* [What the exercise asks] Copy every record exactly, leaving the pictures out.

* [Exercise data]
◆ ◆ ◆

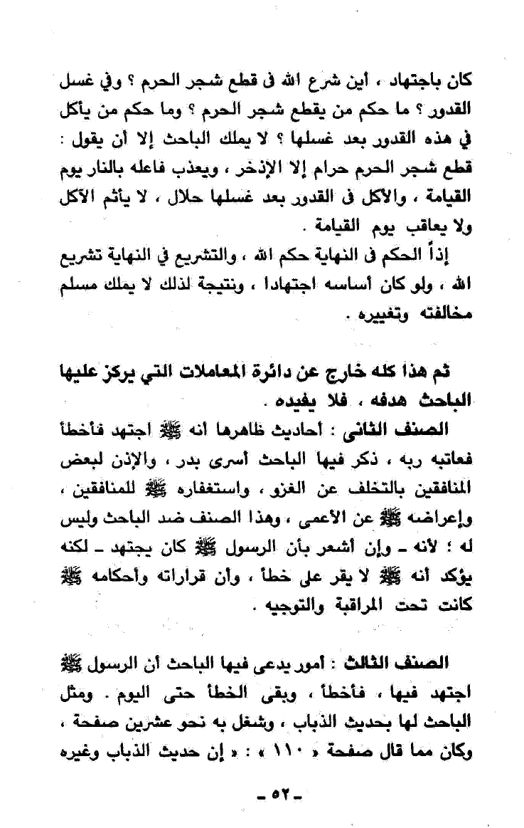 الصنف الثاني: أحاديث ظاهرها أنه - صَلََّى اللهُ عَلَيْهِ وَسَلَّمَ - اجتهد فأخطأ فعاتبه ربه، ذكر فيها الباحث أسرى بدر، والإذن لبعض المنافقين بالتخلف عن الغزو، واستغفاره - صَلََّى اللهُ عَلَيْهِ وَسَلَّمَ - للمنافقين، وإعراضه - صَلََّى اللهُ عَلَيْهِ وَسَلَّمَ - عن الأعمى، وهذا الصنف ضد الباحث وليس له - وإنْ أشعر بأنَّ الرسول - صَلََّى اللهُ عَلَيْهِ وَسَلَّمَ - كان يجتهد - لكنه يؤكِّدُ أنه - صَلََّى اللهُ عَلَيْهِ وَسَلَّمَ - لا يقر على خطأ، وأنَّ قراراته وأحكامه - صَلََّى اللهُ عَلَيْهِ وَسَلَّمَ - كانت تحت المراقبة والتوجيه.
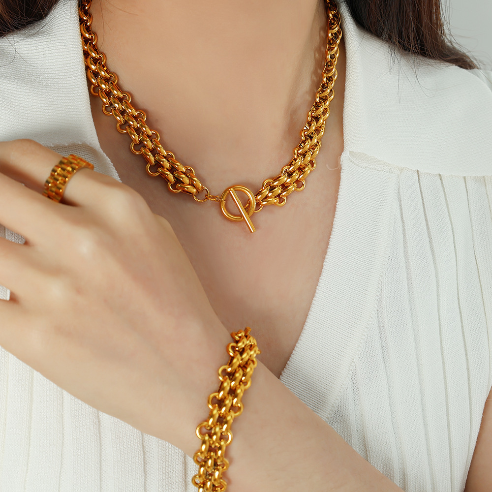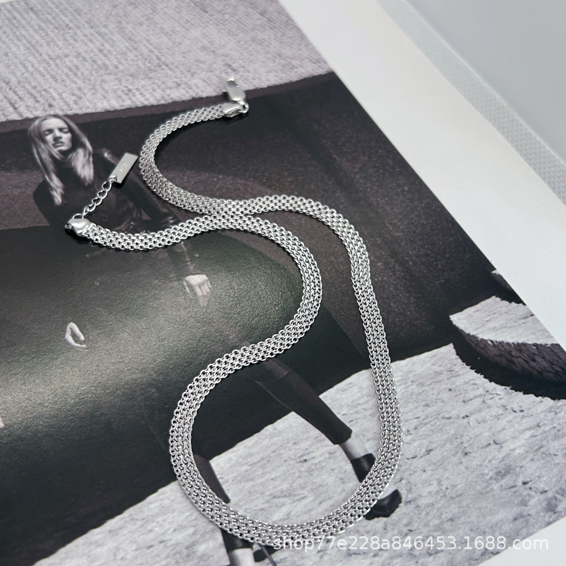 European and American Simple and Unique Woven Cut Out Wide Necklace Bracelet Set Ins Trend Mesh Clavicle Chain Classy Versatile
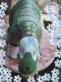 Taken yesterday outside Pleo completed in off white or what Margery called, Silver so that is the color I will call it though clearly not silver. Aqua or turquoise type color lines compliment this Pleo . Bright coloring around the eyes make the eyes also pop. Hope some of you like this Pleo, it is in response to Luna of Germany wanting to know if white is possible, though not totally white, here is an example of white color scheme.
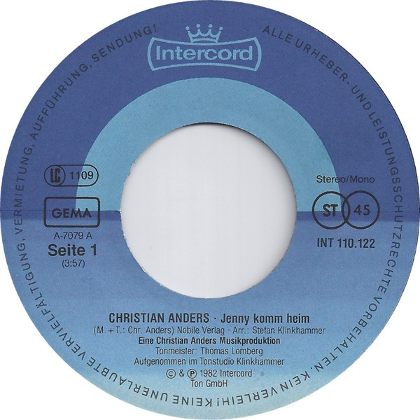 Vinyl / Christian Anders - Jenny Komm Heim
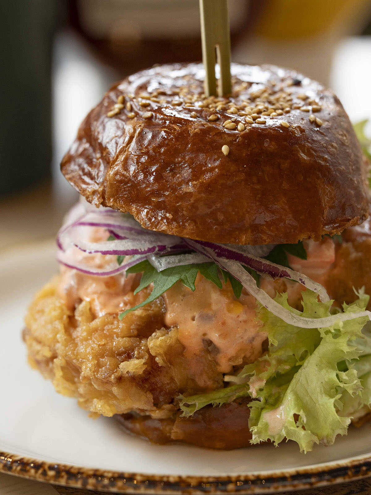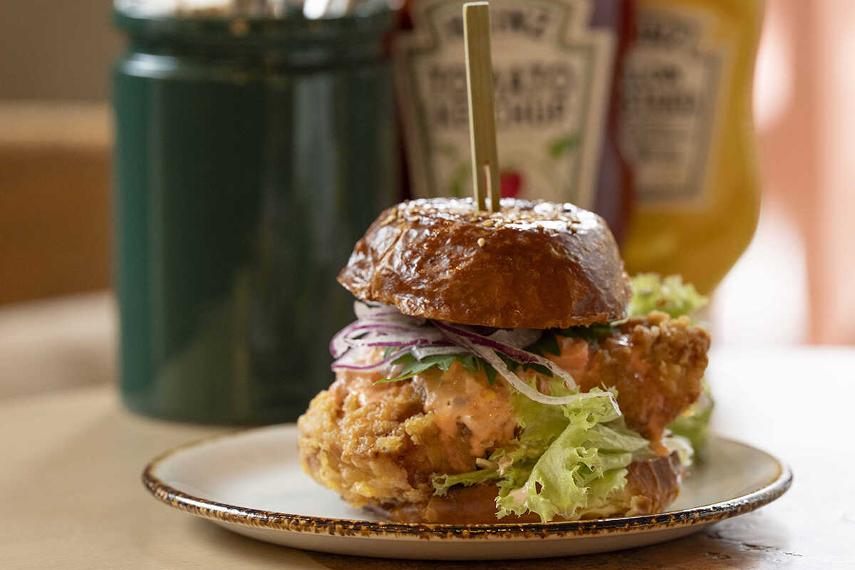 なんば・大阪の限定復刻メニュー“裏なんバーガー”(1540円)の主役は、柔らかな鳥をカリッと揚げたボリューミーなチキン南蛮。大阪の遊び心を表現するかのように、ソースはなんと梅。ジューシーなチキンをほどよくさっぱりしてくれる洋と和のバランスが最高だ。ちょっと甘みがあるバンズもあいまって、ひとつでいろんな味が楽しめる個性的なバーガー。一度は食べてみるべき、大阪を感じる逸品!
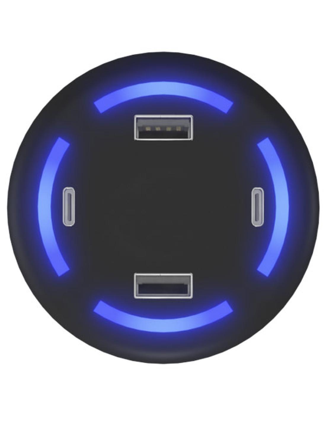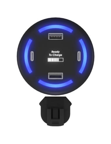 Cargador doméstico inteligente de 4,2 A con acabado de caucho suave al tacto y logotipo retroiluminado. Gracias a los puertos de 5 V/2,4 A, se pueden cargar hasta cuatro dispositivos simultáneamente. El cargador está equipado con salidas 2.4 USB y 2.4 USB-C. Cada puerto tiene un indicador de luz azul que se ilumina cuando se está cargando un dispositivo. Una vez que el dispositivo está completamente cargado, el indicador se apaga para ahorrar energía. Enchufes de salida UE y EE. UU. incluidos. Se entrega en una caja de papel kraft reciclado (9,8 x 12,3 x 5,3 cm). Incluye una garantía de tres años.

◆ ◆ ◆

* [Task solution]
 الصنف الثاني: أحاديث ظاهرها أنه - صَلََّى اللهُ عَلَيْهِ وَسَلَّمَ - اجتهد فأخطأ فعاتبه ربه، ذكر فيها الباحث أسرى بدر، والإذن لبعض المنافقين بالتخلف عن الغزو، واستغفاره - صَلََّى اللهُ عَلَيْهِ وَسَلَّمَ - للمنافقين، وإعراضه - صَلََّى اللهُ عَلَيْهِ وَسَلَّمَ - عن الأعمى، وهذا الصنف ضد الباحث وليس له - وإنْ أشعر بأنَّ الرسول - صَلََّى اللهُ عَلَيْهِ وَسَلَّمَ - كان يجتهد - لكنه يؤكِّدُ أنه - صَلََّى اللهُ عَلَيْهِ وَسَلَّمَ - لا يقر على خطأ، وأنَّ قراراته وأحكامه - صَلََّى اللهُ عَلَيْهِ وَسَلَّمَ - كانت تحت المراقبة والتوجيه.
 European and American Simple and Unique Woven Cut Out Wide Necklace Bracelet Set Ins Trend Mesh Clavicle Chain Classy Versatile
 Taken yesterday outside Pleo completed in off white or what Margery called, Silver so that is the color I will call it though clearly not silver. Aqua or turquoise type color lines compliment this Pleo . Bright coloring around the eyes make the eyes also pop. Hope some of you like this Pleo, it is in response to Luna of Germany wanting to know if white is possible, though not totally white, here is an example of white color scheme.
 Vinyl / Christian Anders - Jenny Komm Heim
 なんば・大阪の限定復刻メニュー“裏なんバーガー”(1540円)の主役は、柔らかな鳥をカリッと揚げたボリューミーなチキン南蛮。大阪の遊び心を表現するかのように、ソースはなんと梅。ジューシーなチキンをほどよくさっぱりしてくれる洋と和のバランスが最高だ。ちょっと甘みがあるバンズもあいまって、ひとつでいろんな味が楽しめる個性的なバーガー。一度は食べてみるべき、大阪を感じる逸品!
 Cargador doméstico inteligente de 4,2 A con acabado de caucho suave al tacto y logotipo retroiluminado. Gracias a los puertos de 5 V/2,4 A, se pueden cargar hasta cuatro dispositivos simultáneamente. El cargador está equipado con salidas 2.4 USB y 2.4 USB-C. Cada puerto tiene un indicador de luz azul que se ilumina cuando se está cargando un dispositivo. Una vez que el dispositivo está completamente cargado, el indicador se apaga para ahorrar energía. Enchufes de salida UE y EE. UU. incluidos. Se entrega en una caja de papel kraft reciclado (9,8 x 12,3 x 5,3 cm). Incluye una garantía de tres años.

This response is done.